At that point, it became obvious that no one was thinking about the best places to put in collectible or lives or any useful item. One egregious example of such poor placement design is in an invincibility power-up (the only power-up in the game) that is placed in a hard to get location, but once you get it, there is little use from it as there are no enemies or hazards that you will need to watch out for for the entire time the power-up is active, only for hazards and enemies to show-up again once the effects are over.
"Pepper, welcome back. Let's begin"
If it wasn't obvious by now how poor this game is, simply compare it to another great platformer at the tie. Both Clockwork Knight and Donkey Kong Country were 2D platformers made at roughly the same time with a pseudo-3D graphical look.
Visually, there is really no comparison despite one of them being made in a stronger console. There is a level of consistency in DKC in level design, enemy design, sound effects, and music that tells of a cohesive and vibrant world. That consistency is usually absent in mediocre platformers.
You played this game, now weep
Gameplay-wise, there is a weight and momentum to the movement of Donkey Kong and Diddy Kong. A movement that is facilitated by the level design, as each level contains many obstacles that invite you to overcome. On the other hand, Pepperouchau or whatever the hell he is named is boring to control, especially in levels that are poorly designed with a minimum of obstacles to overcome.
Finally, the scope of each game is of completely different magnitude despite both being the same price. While the first DKC had 33 full-fledged levels, both Clockwork Knight games offer a paltry 16 poorly designed levels combined.

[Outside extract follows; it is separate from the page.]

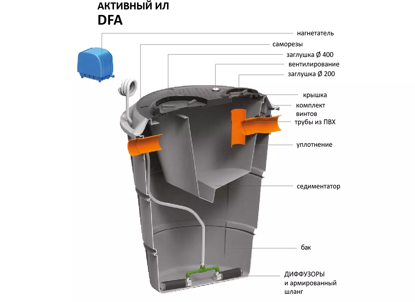 Комплект септика АЭРОБНЫЙ С СЕДИМЕНТАТОРОМ AIS DFA Starplast

Games like Clockwork Knight demonstrates clearly how hard it is to actually make a competent platformer, nevertheless a great one.
Here is a game so devoid of skill, so bankrupt in its ideas, that it is honestly a struggle to finish it.
It's a me, discount Mario
1-Don't play this game.
For those reading one of my Saturn review blogs for the first time, here is the basic concept:
I already reviewed both major Generation 4 consoles, and am now to review Generation 5 consoles; starting with the Sega Saturn. In these reviews, I take a top 100 games list and review the games that interest me in that list.
This time, my review series is based on this top 100 games list from Retro Sanctuary.
Also, note the following:
-If you have any suggestions for a game that is not in the Retro Sanctuary list that I should review, please suggest it.
-Make a bet on each game to check whether Chris Charter played it or not.
Go away and never return
Well, I guess there is a game in the Saturn that is almost as bad as Bug, but it is not near enough in reality. Bug! was an abhorrently designed game from top to bottom with no redeeming features. Ironically, both games got decent critical scores at the time, which points to a poverty of options at the time.
Next, I will continue with my Saturn reviews with a report of the top 11-20 games as per the Retro Sanctuary list. Later, I will play and review the most famous Shmup on the Sega Saturn, Radiant Silvergun which sits at number 8 on the same list.